Мы выпили. Удобно поминать людей водкой – даже в слезах не выглядишь слюнтяем.
Все у меня живы, подумал я, чувствуя, как бежит по кишкам водочный жар, и сам я жив, у меня еще есть время.
А у Андрюшки его уже нет.
– Будь же ты хотя бы там, где ты сейчас, счастлив, будь, пожалуйста, – сказал я,
– Мало ему жить выпало, – сказал Кирыч, у него тоже заблестели глаза, – Беда….
– Жил, вот, человек. Работал, мечтал о чем-то, вечно строил какие-то планы, а к чему? Что от него осталось?
– Память осталась, – сказал Кирыч и захрустел огурцом.
– Стыд остался, – сказал я, – Сколько раз я его ругал, помнишь? Сколько раз за глаза про него сплетничал? Свиньей цирковой обзывал. Грех на мне, большой грех.
– Ты же не со зла.
– Нет, не со зла. Но так-то вот, походя, все зло и творится. Там позубоскалили, тут похихикали, там не помогли, а тут отвернулись. Конечно, он же взрослый человек, сам знает, как жить, с кем жить, кого любить.
– А ты матери когда в последний раз звонил? – вдруг спросил Кирыч.
– Я ей деньги перевел. На прошлой неделе.
– А звонил когда?
– Отвяжись.
– Вот, видишь.
Вошел Марк, в руке он держал свой айфон, свет от экрана нервно освещал его вспухшее от слез лицо. За Марком следовал Вирус, прежде, должно быть, верным стражем охранявший его покой и сон.
– Ужас, – Марк протянул Кирычу свой аппарат.
Тот взглянул на экран и покачал головой.
– Да, – сказал Кирыч.
– Ужас, – повторил Марк и сунул айфон мне.
Там было много лиц. Много разных лиц. Кто-то смотрел в сторону, кто-то в упор, людская толпа на заднем плане, а на переднем – Марк с кривой гримасой, я угрюмо глядящий куда-то мимо, веселая Манечка в черном и белокурая Мася, лысоватый Николаша с закрытыми глазами, невозмутимый кавказец Ашот и – он, Андрюшка – с обычной своей приклеенной улыбкой, круглый, чуть-чуть раскрасневшийся, в лилово-фиолетовой рубашке.

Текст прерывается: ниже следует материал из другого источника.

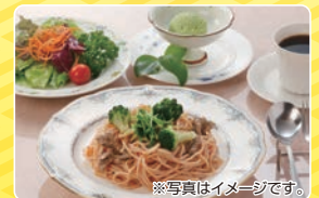
■月替わりパスタ 1,000円 (税別)

– Ты представляешь? – посмотрел на меня Марк зареванными глазами, – Тут он еще живой и не знает, что ему совсем немножко осталось. Стоит… весь такой красивый…, – Марк всхлипнул.
Вирус заворчал.
– А он не знает еще ничего, ничего совсем не знает….
Я явственно увидел две рельсы, пеструю гальку между ними, и человека на ней. Он, пухляк в в лиловом, стоит с бокалом шампанского на железнодорожном полотне, а за спиной его огромный поезд, который несется на всех парах, он готов раздавить его, такого веселого, к чертям собачьим.
– А часы тикают, – сказал Кирыч.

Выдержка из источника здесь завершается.